_Instructions to follow_
When you reach a picture, skip it, and retype every line below exactly.

_Provided entries_
********

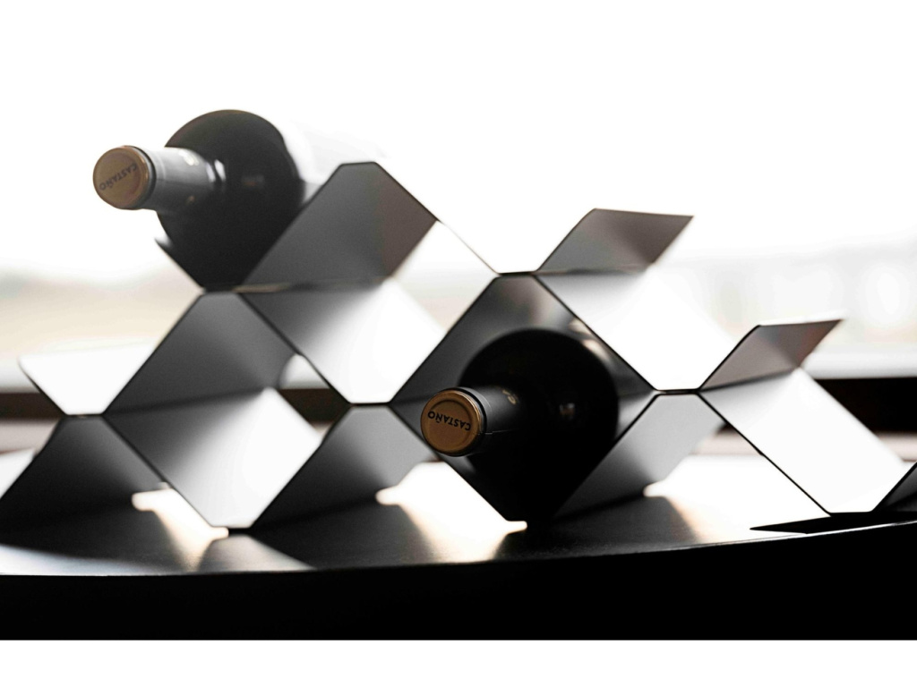 Představujeme elegantní stojan na víno z kolekce Rocks od značky Zone Denmark, navržený designérským studiem VE2. Tento stylový a stabilní stojan pojme až 9 lahví vína a jeho modulární pyramidová konstrukce umožňuje, při dokoupení druhého kusu, snadné přidávání úrovní. Je vyroben z kvalitní oceli s černým práškovým nástřikem, což z něj činí designový doplněk, který snadno zakomponujete do vašeho obývacího pokoje nebo kuchyně. Spojte funkčnost s estetikou a vystavte svou sbírku vín s tímto designovým kouskem, který získal prestižní ocenění Red Dot Design Award 2020!
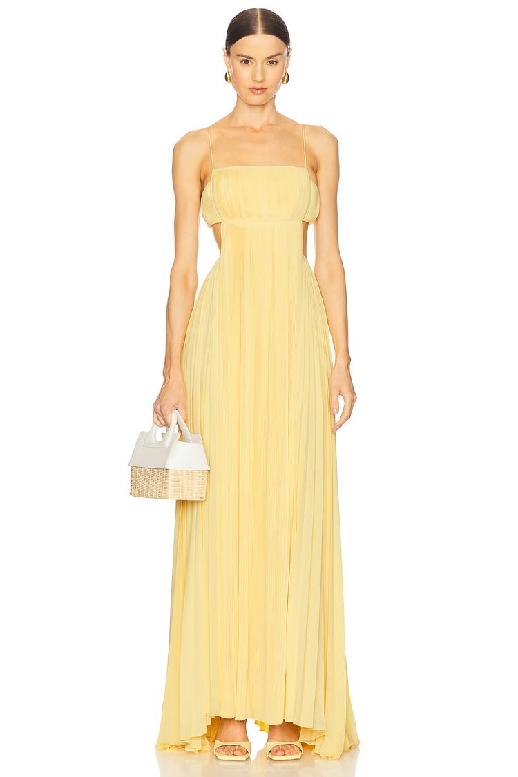 Sunlit occasions call for this elegant column maxi dress in a soft matte yellow polyester plissé fabric. The fitted silhouette features a strapless straight neckline and an open back with concealed zipper closure, enhanced by boning in the bodice and tasteful cut-out sides. Its clean hemline and midweight fabric provide graceful movement and sophistication, making it ideal for cocktail parties, date nights, or wedding guest attire during spring and summer events.
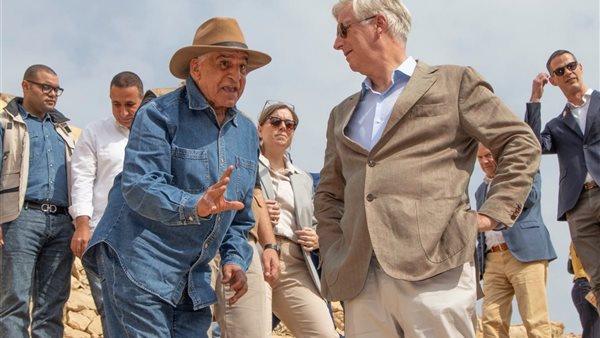 الملك فيليب ملك بلجيكا يزور منطقة سقارة ويشيد بالاكتشافات الأثرية برفقة الدكتور زاهي حواس
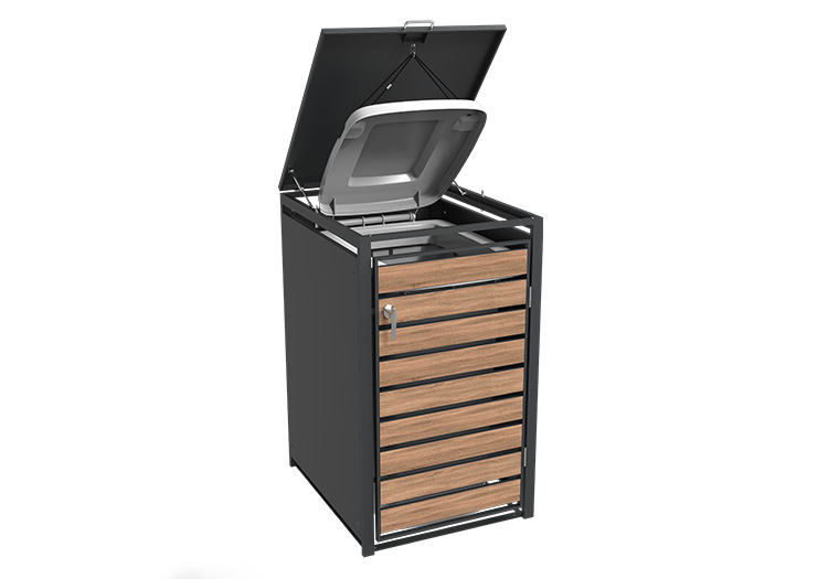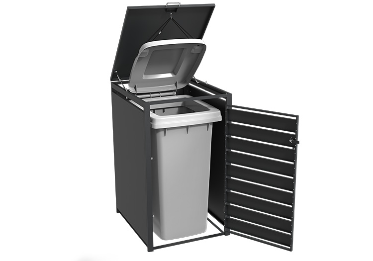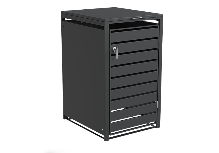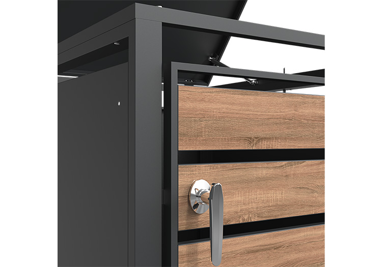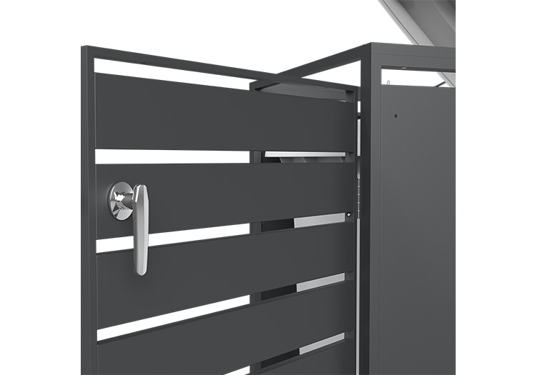 Conceal your bins with our discreet Composite bin store. The lid boasts gas springs and pressure dampers, along with a hook and chain mechanism for easy lifting and hassle-free waste disposal. Additional highlights include a soft-close lid, magnetic doors for stability in any weather, pre-drilled holes and fixings for secure ground attachment, and a concealed lock within the stainless steel handle. Compatible with 60L, 120L, and 240L wheelie bins. Offered in two colour options, two designs, and the ability to connect units together to suit individual household needs.
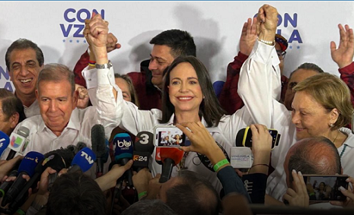 La líder opositora y el candidato presidencial Edmundo González afirmaron que ya tienen en su poder el 73.20 % de las actas.
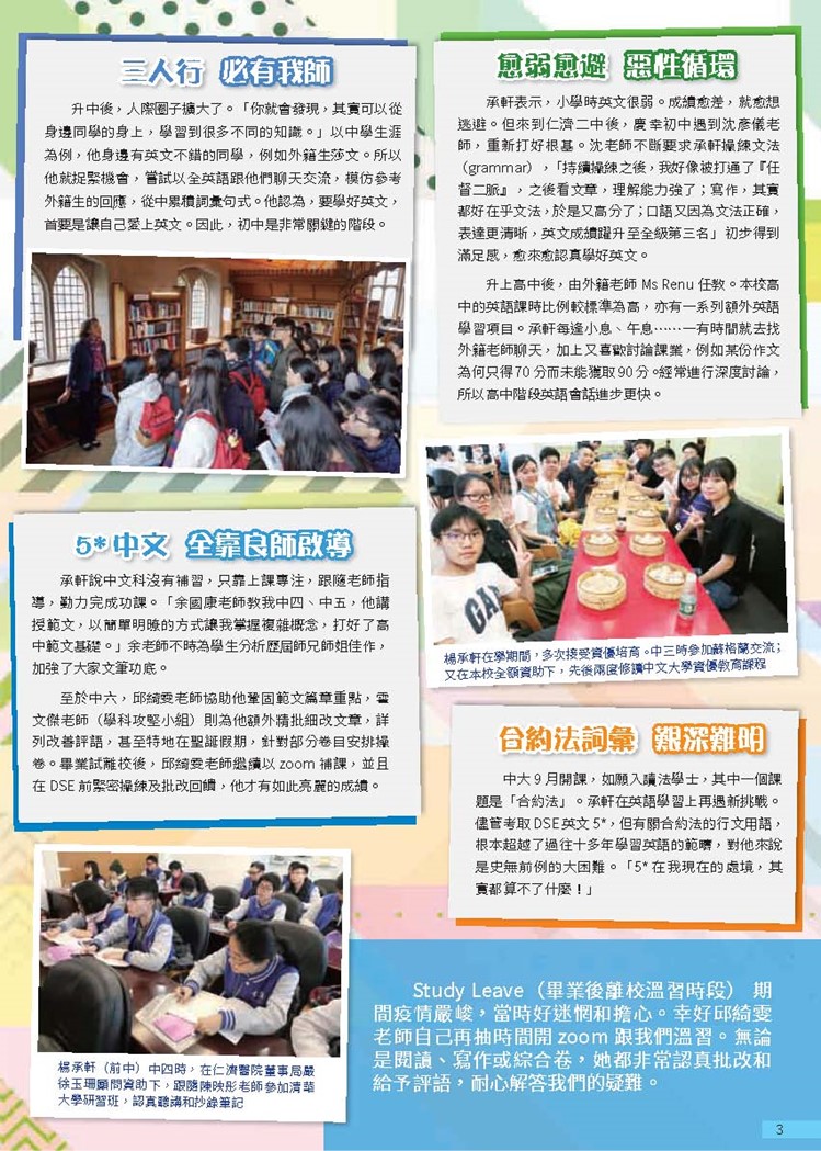 楊同學中一入學時,英文科不及格,但他願學受教,來到仁濟二中後,遇上英語良師悉心啟導,重新打好根基。
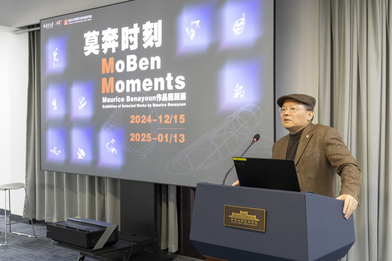 2024年12月15日下午,“莫奔时刻——Maurice Benayoun作品回顾展”在国产偷拍 东大楼美术馆开幕。本次展览由国产偷拍 、国产偷拍 艺术与科技研究所共同主办,国产偷拍 建筑与城市规划学院、国产偷拍 人文社会科学双创人才实训中心协办,国产偷拍 本科生院“本科教学联合创新实验室”项目支持,是新媒体艺术家、理论家和学者Maurice Benayoun教授正式入职国产偷拍 的首次展览。
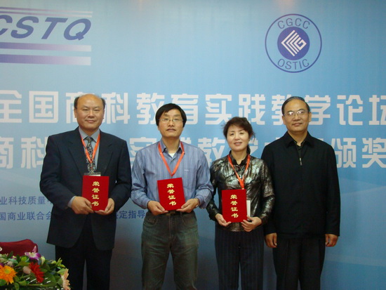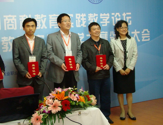 在颁奖大会上商业科技质量中心和中国商业联合会的领导一一为获奖作品项目组的代表颁发了奖状,并为获得优秀组织奖的院校颁发了奖牌。
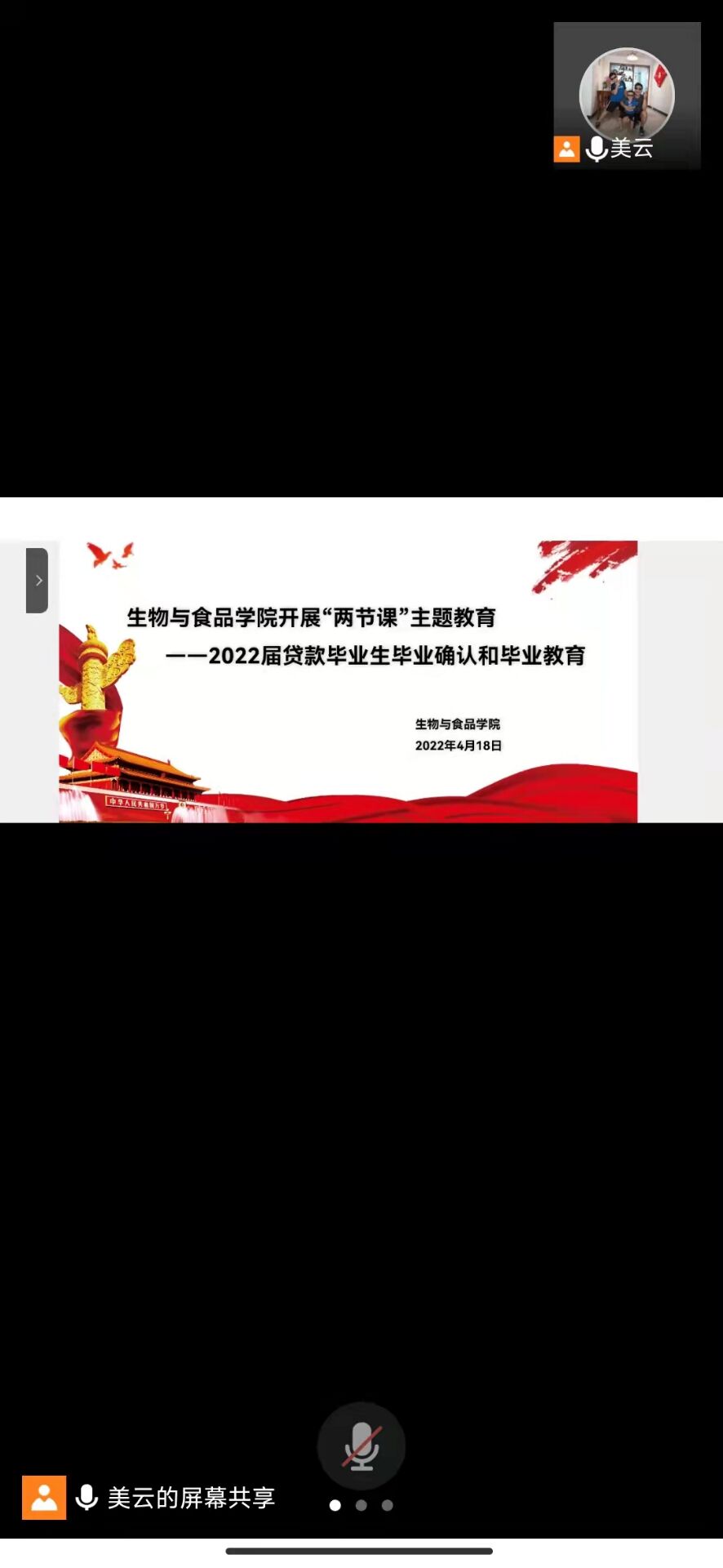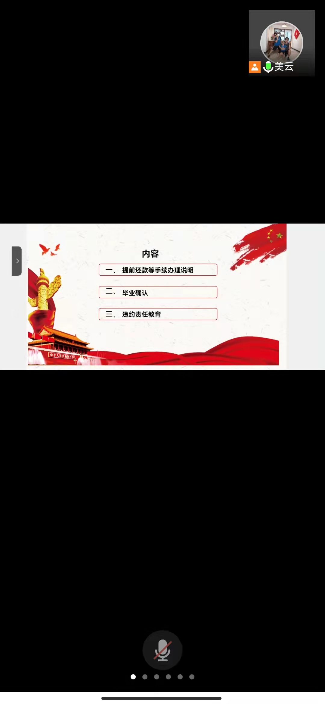 为进一步加强贷后管理工作,帮助毕业生充分认识了解助学贷款的还款流程,确保2022届贷款毕业生离校前、后办理助学贷款相关手续的顺利进行,williamhill中文于2022年4月18日在线上召开了2022届贷款毕业生进行毕业确认以及毕业教育会议。本次会议由我院2022届毕业班辅导员张美芸主持,我院2022届全体贷款毕业生参加此次会议。

********

_Answer_
 Představujeme elegantní stojan na víno z kolekce Rocks od značky Zone Denmark, navržený designérským studiem VE2. Tento stylový a stabilní stojan pojme až 9 lahví vína a jeho modulární pyramidová konstrukce umožňuje, při dokoupení druhého kusu, snadné přidávání úrovní. Je vyroben z kvalitní oceli s černým práškovým nástřikem, což z něj činí designový doplněk, který snadno zakomponujete do vašeho obývacího pokoje nebo kuchyně. Spojte funkčnost s estetikou a vystavte svou sbírku vín s tímto designovým kouskem, který získal prestižní ocenění Red Dot Design Award 2020!
 Sunlit occasions call for this elegant column maxi dress in a soft matte yellow polyester plissé fabric. The fitted silhouette features a strapless straight neckline and an open back with concealed zipper closure, enhanced by boning in the bodice and tasteful cut-out sides. Its clean hemline and midweight fabric provide graceful movement and sophistication, making it ideal for cocktail parties, date nights, or wedding guest attire during spring and summer events.
 الملك فيليب ملك بلجيكا يزور منطقة سقارة ويشيد بالاكتشافات الأثرية برفقة الدكتور زاهي حواس
 Conceal your bins with our discreet Composite bin store. The lid boasts gas springs and pressure dampers, along with a hook and chain mechanism for easy lifting and hassle-free waste disposal. Additional highlights include a soft-close lid, magnetic doors for stability in any weather, pre-drilled holes and fixings for secure ground attachment, and a concealed lock within the stainless steel handle. Compatible with 60L, 120L, and 240L wheelie bins. Offered in two colour options, two designs, and the ability to connect units together to suit individual household needs.
 La líder opositora y el candidato presidencial Edmundo González afirmaron que ya tienen en su poder el 73.20 % de las actas.
 楊同學中一入學時,英文科不及格,但他願學受教,來到仁濟二中後,遇上英語良師悉心啟導,重新打好根基。
 2024年12月15日下午,“莫奔时刻——Maurice Benayoun作品回顾展”在国产偷拍 东大楼美术馆开幕。本次展览由国产偷拍 、国产偷拍 艺术与科技研究所共同主办,国产偷拍 建筑与城市规划学院、国产偷拍 人文社会科学双创人才实训中心协办,国产偷拍 本科生院“本科教学联合创新实验室”项目支持,是新媒体艺术家、理论家和学者Maurice Benayoun教授正式入职国产偷拍 的首次展览。
 在颁奖大会上商业科技质量中心和中国商业联合会的领导一一为获奖作品项目组的代表颁发了奖状,并为获得优秀组织奖的院校颁发了奖牌。
 为进一步加强贷后管理工作,帮助毕业生充分认识了解助学贷款的还款流程,确保2022届贷款毕业生离校前、后办理助学贷款相关手续的顺利进行,williamhill中文于2022年4月18日在线上召开了2022届贷款毕业生进行毕业确认以及毕业教育会议。本次会议由我院2022届毕业班辅导员张美芸主持,我院2022届全体贷款毕业生参加此次会议。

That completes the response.